Massachusetts’ experience in banning menthol cigarettes and flavored tobacco in 2020 provides a glimpse into potential obstacles. The state has reported several instances of illegal sales since the ban. In one case, law enforcement discovered 700 packs of unstamped menthol cigarettes along with illegal drugs, underlining concerns about criminal enterprises exploiting market voids.
This proposed rule builds on the Family Smoking Prevention and Tobacco Control Act of 2009, signed by President Barack Obama, which gave the FDA the authority to regulate tobacco products. The Trump administration also pursued nicotine reduction in 2017, when then-FDA Commissioner Scott Gottlieb announced plans to mandate tobacco companies to slash nicotine levels in cigarettes to aid adult smokers in quitting.

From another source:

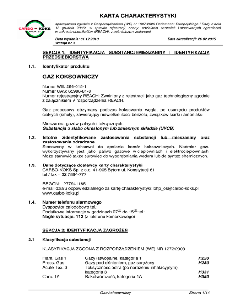 KARTA CHARAKTERYSTYKI sporządzona zgodnie z Rozporządzeniem (WE) nr 1907/2006 Parlamentu Europejskiego i Rady z dnia 18 grudnia 2006r. w sprawie rejestracji, oceny, udzielania zezwoleń i stosowanych ograniczeń w zakresie chemikaliów (REACH), z późniejszymi zmianami Data wydania: 01.12.2010 Wersja nr 3 Data aktualizacji: 26.02.2015 SEKCJA 1: IDENTYFIKACJA SUBSTANCJI/MIESZANINY I IDENTYFIKACJA PRZEDSIĘBIORSTWA 1.1. Identyfikator produktu GAZ KOKSOWNICZY Numer WE: 266-015-1 Numer CAS: 65996-81-8 Numer rejestracyjny REACH: Zwolniony z rejestracji jako gaz technologiczny zgodnie z załącznikiem V rozporządzenia REACH. Gaz procesowy otrzymany podczas koksowania węgla, po usunięciu produktów ciekłych (smoły), zawierający niewielkie ilości benzolu, związków siarki i amoniaku Mieszanina gazów palnych i toksycznych. Substancja o słabo określonym lub zmiennym składzie (UVCB) 1.2. Istotne zidentyfikowane zastosowania substancji lub mieszaniny oraz zastosowania odradzane Stosowany w koksowni do opalania komór koksowniczych. Nadmiar gazu wykorzystywany jest jako paliwo gazowe w ciepłowniach i elektrociepłowniach. Może stanowić także surowiec do wyodrębniania wodoru lub do syntez chemicznych. 1.3. Dane dotyczące dostawcy karty charakterystyki CARBO-KOKS Sp. z o.o. 41-905 Bytom ul. Konstytucji 61 tel / fax + 32 7884-777 REGON: 277941185 e-mail działu odpowiedzialnego za kartę charakterystyki: [email protected] www.carbo-koks.pl 1.4. Numer telefonu alarmowego Dyspozytor całodobowo tel.: Dodatkowe informacje w godzinach 0700 do 1500 tel.: Nagłe sytuacje: 112 (z telefonu komórkowego) SEKCJA 2: IDENTYFIKACJA ZAGROŻEŃ 2.1 Klasyfikacja substancji KLASYFIKACJA ZGODNA Z ROZPORZĄDZENIEM (WE) NR 1272/2008 Flam. Gas 1 Press. Gas Acute Tox. 3 Carc. 1A Gazy łatwopalne, kategoria 1 Gazy pod ciśnieniem, gaz sprężony Toksyczność ostra (po narażeniu inhalacyjnym), kategoria 3 Rakotwórczość, kategoria 1A Gaz koksowniczy H220 H280 H331 H350 Strona 1/14 KARTA CHARAKTERYSTYKI sporządzona zgodnie z Rozporządzeniem (WE) nr 1907/2006 Parlamentu Europejskiego i Rady z dnia 18 grudnia 2006r. w sprawie rejestracji, oceny, udzielania zezwoleń i stosowanych ograniczeń w zakresie chemikaliów (REACH), z późniejszymi zmianami Data wydania: 01.12.2010 Wersja nr 3 Repr. 1A STOT RE 1 Aquatic Acute 1 Data aktualizacji: 26.02.2015 Działanie szkodliwe na rozrodczość, kategoria 1A Działanie toksyczne na narządy docelowe – narażenie powtarzane, kategoria 1 Stwarzające zagrożenie dla środowiska wodnego – zagrożenie ostre, kategoria 1 H360 H372 H400 KLASYFIKACJA ZGODNA Z DYREKTYWĄ NR 67/548/EWG Substancja skrajnie łatwopalna Substancja toksyczna Substancja działająca szkodliwie na rozrodczość kat. 1 Substancja rakotwórcza kat. 1 Substancja niebezpieczna dla środowiska (F+, R12) (T, R23, 48/23) (T, R61) (T, R45) (N, R50) Rodzaje zagrożenia: R 12 Produkt skrajnie łatwopalny R 23 Działa toksycznie przez drogi oddechowe R45 Może powodować raka R48/23 Działa toksycznie przez drogi oddechowe; stwarza poważne zagrożenie dla zdrowia w następstwie długotrwałego narażenia R50 Działa bardzo toksycznie na organizmy wodne R61 Może działać szkodliwie na dziecko w łonie matki 2.2 Elementy oznakowania Piktogramy określające rodzaj zagrożenia: GHS 02 GHS 04 GHS 06 GHS 08 GHS 09 Hasło ostrzegawcze: Niebezpieczeństwo Zwroty określające rodzaj zagrożenia: H220 Skrajnie łatwopalny gaz H280 Zawiera gaz pod ciśnieniem; ogrzanie grozi wybuchem H331 Działa toksycznie w następstwie wdychania H350 Może powodować raka H360 Może działać szkodliwie na płodność lub na dziecko w łonie matki H372 Powoduje uszkodzenie narządów poprzez długotrwałe lub powtarzane narażenie H400 Działa bardzo toksycznie na organizmy wodne Gaz koksowniczy Strona 2/14 KARTA CHARAKTERYSTYKI sporządzona zgodnie z Rozporządzeniem (WE) nr 1907/2006 Parlamentu Europejskiego i Rady z dnia 18 grudnia 2006r. w sprawie rejestracji, oceny, udzielania zezwoleń i stosowanych ograniczeń w zakresie chemikaliów (REACH), z późniejszymi zmianami Data wydania: 01.12.2010 Wersja nr 3 Data aktualizacji: 26.02.2015 Zwroty wskazujące środki ostrożności: Zapobieganie P201 P202 P210 P260 P273 P281 Reagowanie P321 P304 + P340 P308 + P313 P377 P381 Przechowywanie P405 Usuwanie P501 2.3 Przed użyciem zapoznać się ze specjalnymi środkami ostrożności. Nie używać przed zapoznaniem się i zrozumieniem wszystkich środków bezpieczeństwa. Przechowywać z dala od źródeł ciepła/iskrzenia/otwartego ognia/gorących powierzchni. Palenie wzbronione. Nie wdychać pyłu/dymu/gazu/mgły/par/rozpylonej cieczy. Unikać uwolnienia do środowiska. Stosować wymagane środki ochrony indywidualnej. Zastosować określone leczenie (patrz … na etykiecie). W PRZYPADKU DOSTANIA SIĘ DO DRÓG ODDECHOWYCH: wyprowadzić lub wynieść poszkodowanego na świeże powietrze i zapewnić warunki do odpoczynku w pozycji umożliwiającej swobodne oddychanie. W przypadku narażenia lub styczności: Zasięgnąć porady/zgłosić się pod opiekę lekarza. W przypadku płonięcia wyciekającego gazu: Nie gasić, jeżeli nie można bezpiecznie zahamować wycieku. Wyeliminować wszystkie źródła zapłonu, jeżeli jest to bezpieczne. Przechowywać pod zamknięciem. Zawartość/pojemnik usuwać zgodnie z obowiązującymi lokalnymi/regionalnymi/międzynarodowymi przepisami. Inne zagrożenia Gaz toksyczny, palny, z powietrzem tworzy mieszaninę wybuchową. Gaz koksowniczy zwolniony jest z rejestracji REACH, w związku z powyższym ocena czy substancja należy do kategorii PBT i vPvB nie jest wymagana. SEKCJA 3: SKŁAD/INFORMACJA O SKŁADNIKACH 3.1. Substancje Niebezpieczne składniki Wodór Metan Nr WE Nr CAS Ilość * [% v/v] 215-605-7 1333-74-0 200-812-7 74-82-8 Klasyfikacja** Dyrektywa nr 67/548/EWG 50-65 F+; R12 20-30 F+; R12 Gaz koksowniczy Rozporządzenie (WE) nr 1272/2008 Flam. Gas 1; H220 Press. Gas Flam. Gas 1; H2

Once the final regulation is published, companies will have a two-year window to comply with the new standards. The tobacco industry is expected to launch legal challenges, which could potentially delay the rule’s implementation. The FDA insists that the proposed rule does not equate to a total ban on cigarettes or tobacco products but merely sets new standards for nicotine content.
Public health officials believe that reducing nicotine levels to minimally addictive or non-addictive levels would decrease the chances of future generations getting addicted to cigarettes while aiding current smokers in quitting. The FDA is welcoming public input through its Tobacco Products Scientific Advisory Committee, accepting comments until September 15, 2025.
The regulation stipulates technical requirements for manufacturers, requiring them to demonstrate through laboratory testing that their products meet the new 0.7 milligrams per gram standard. The FDA estimates that this reformulation process could cost the industry between $1.2 billion and $2.3 billion. The agency’s public health impact analysis predicts that this reduction in nicotine content could prevent more than 4.3 million tobacco-related deaths by the end of the century. However, concerns about compensatory smoking behaviors persist among industry observers.
The proposed rule was introduced during the final week of Biden’s tenure, and its ultimate fate may depend on the incoming administration.